## Required work
Each line of the data must be written out again verbatim; no image belongs in the copy.

--- Given data Enclosed Below ---

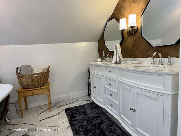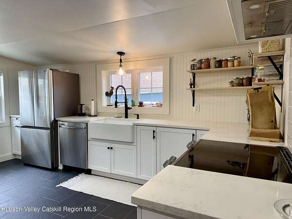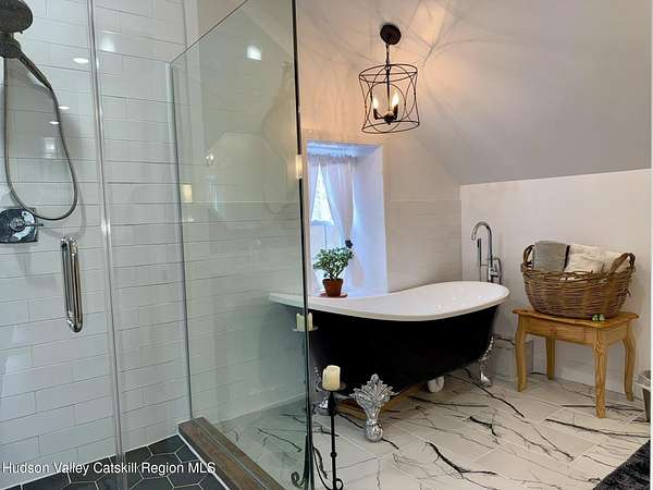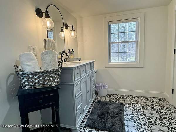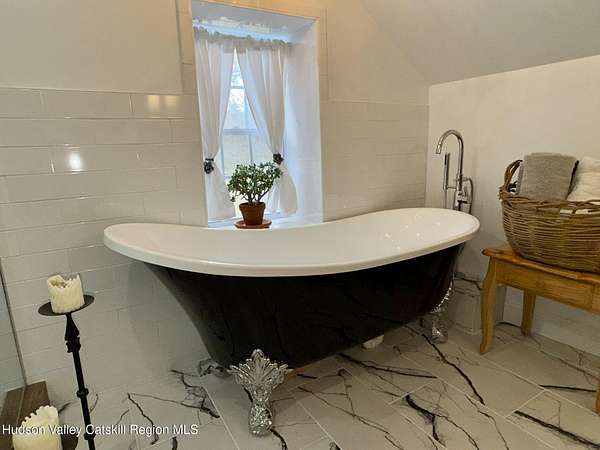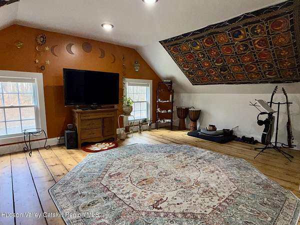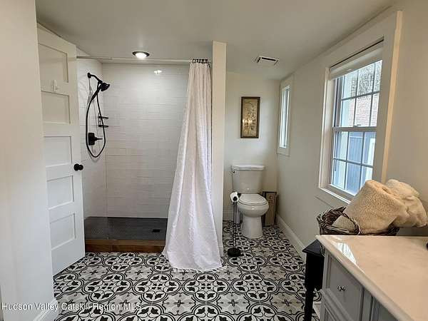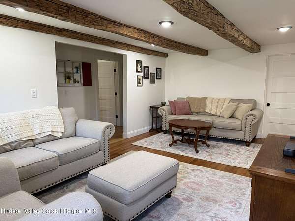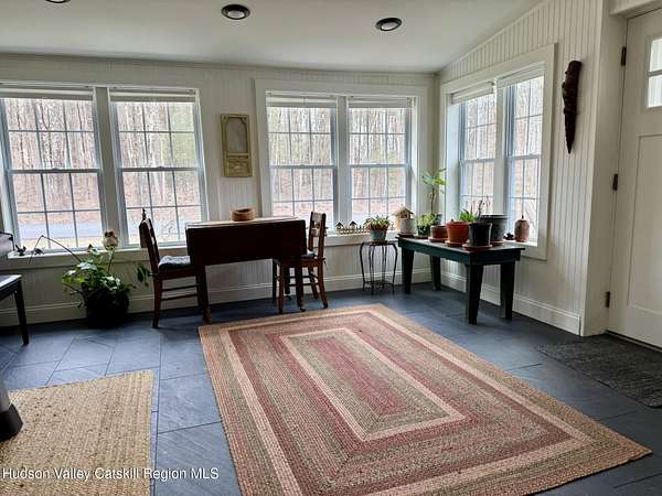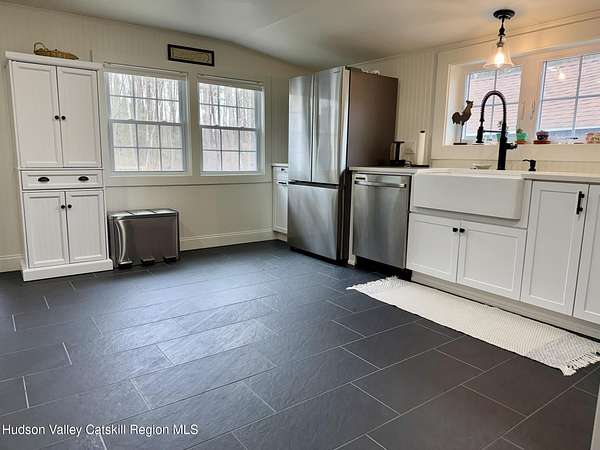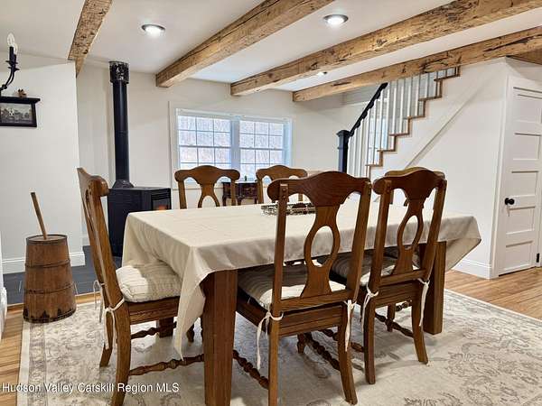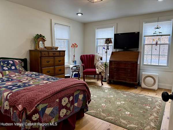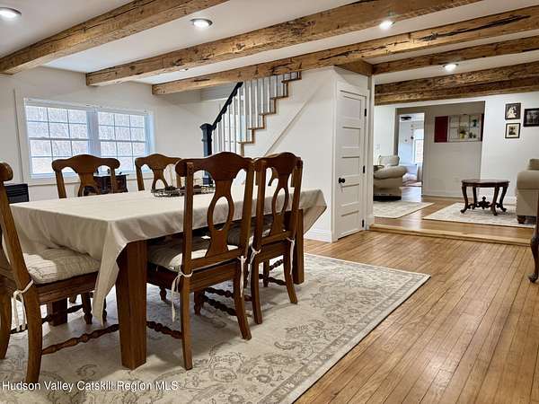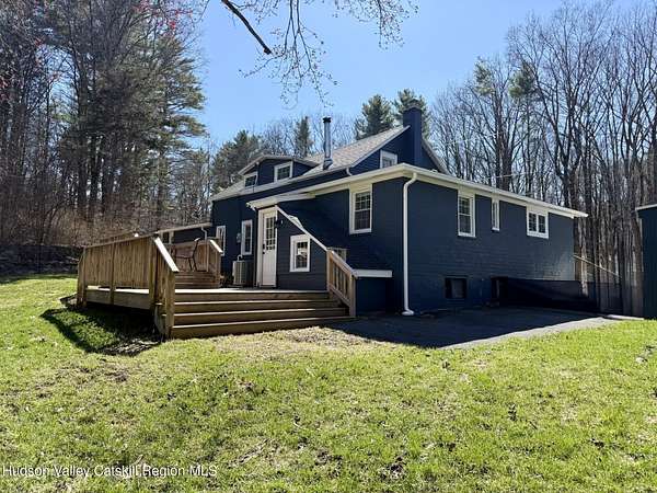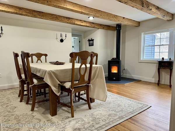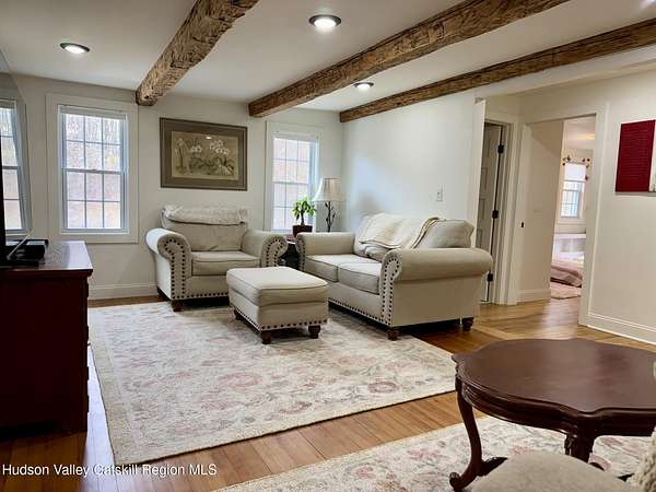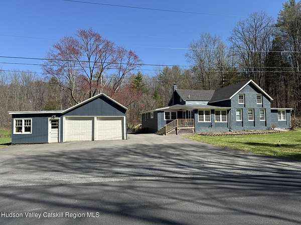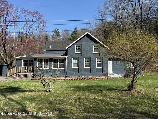 Meticulously maintained and fully renovated in 2024, this spacious Brick home offers 2,600 sq. ft. of beautifully updated living space while set on 3 picturesque acres. Enjoy peaceful living or entertaining from your back deck overlooking Green Creek and an open field with a couple fruit trees. As you enter the home from the front deck, you will be welcomed by a light-filled heated room and then onward seamlessly from room to room. This 5-bedroom, 3.5-bath home blends modern comfort with timeless character. Starting with the thoughtfully designed spacious kitchen which showcases wood cabinetry with soft closing mechanisms, quartz countertops, a large farmhouse sink, stainless steel appliances, and tile flooring--ideal for both everyday living and entertaining. You'll also find hand hewn beamed ceilings in both the living and dining rooms with an open-air concept, hardwood and tiled floors, central air conditioning, and an Ashley pellet stove, perfect for added warmth and ambiance but also benefits as an additional heating source. Also on the main level is 3 bedrooms, a half bath, a spacious bathroom with tiled shower, laundry closet and the primary bedroom offers its own full bathroom with a tiled shower, a lovely soaking tub and walk in closet. Upstairs you'll find a large bedroom, and another beautiful full bathroom with a claw foot soaking tub, gorgeous tiled and glass enclosed shower and large sitting room with a built-in electric fireplace. With five bedrooms plus the extra rooms, this home offers exceptional flexibility to fit your lifestyle. Again, the house was renovated in 2024 so all materials, high end fixtures, lots of solid wood interior doors, appliances, and more are all newer. Another feature is the 2-car detached garage with abundant storage and an additional large room--perfect for a home office, gym, art studio, or creative space. Conveniently located just 3 minutes to NYS Thruway Exit 21B, 20 min. to Village of Catskill, 10 min. to Village of Coxsackie, this home offers easy access to local amenities while being less than 30 minutes south of Albany.
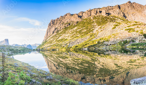 © Maksim, Naklejka premium Reflections of rocks and mountains in the lake
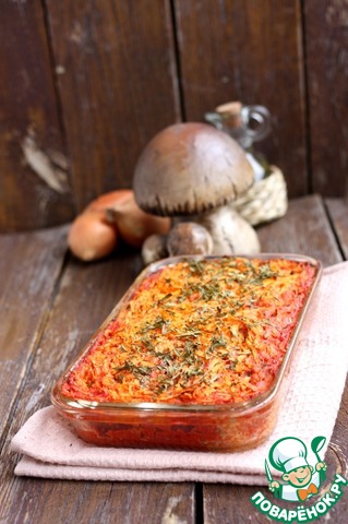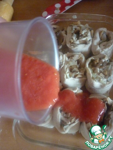 Свернуть в рулет и нарезать на кусочки толщиной 1,5-2 см. Уложить в огнеупорную посуду.
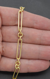 Real 14K Yellow Gold Shiny 7 1/4" Paperclip Link Chain Textured Bracelet 3.8grams

--- End of Enclosed Given data ---

## Written answer
 Meticulously maintained and fully renovated in 2024, this spacious Brick home offers 2,600 sq. ft. of beautifully updated living space while set on 3 picturesque acres. Enjoy peaceful living or entertaining from your back deck overlooking Green Creek and an open field with a couple fruit trees. As you enter the home from the front deck, you will be welcomed by a light-filled heated room and then onward seamlessly from room to room. This 5-bedroom, 3.5-bath home blends modern comfort with timeless character. Starting with the thoughtfully designed spacious kitchen which showcases wood cabinetry with soft closing mechanisms, quartz countertops, a large farmhouse sink, stainless steel appliances, and tile flooring--ideal for both everyday living and entertaining. You'll also find hand hewn beamed ceilings in both the living and dining rooms with an open-air concept, hardwood and tiled floors, central air conditioning, and an Ashley pellet stove, perfect for added warmth and ambiance but also benefits as an additional heating source. Also on the main level is 3 bedrooms, a half bath, a spacious bathroom with tiled shower, laundry closet and the primary bedroom offers its own full bathroom with a tiled shower, a lovely soaking tub and walk in closet. Upstairs you'll find a large bedroom, and another beautiful full bathroom with a claw foot soaking tub, gorgeous tiled and glass enclosed shower and large sitting room with a built-in electric fireplace. With five bedrooms plus the extra rooms, this home offers exceptional flexibility to fit your lifestyle. Again, the house was renovated in 2024 so all materials, high end fixtures, lots of solid wood interior doors, appliances, and more are all newer. Another feature is the 2-car detached garage with abundant storage and an additional large room--perfect for a home office, gym, art studio, or creative space. Conveniently located just 3 minutes to NYS Thruway Exit 21B, 20 min. to Village of Catskill, 10 min. to Village of Coxsackie, this home offers easy access to local amenities while being less than 30 minutes south of Albany.
 © Maksim, Naklejka premium Reflections of rocks and mountains in the lake
 Свернуть в рулет и нарезать на кусочки толщиной 1,5-2 см. Уложить в огнеупорную посуду.
 Real 14K Yellow Gold Shiny 7 1/4" Paperclip Link Chain Textured Bracelet 3.8grams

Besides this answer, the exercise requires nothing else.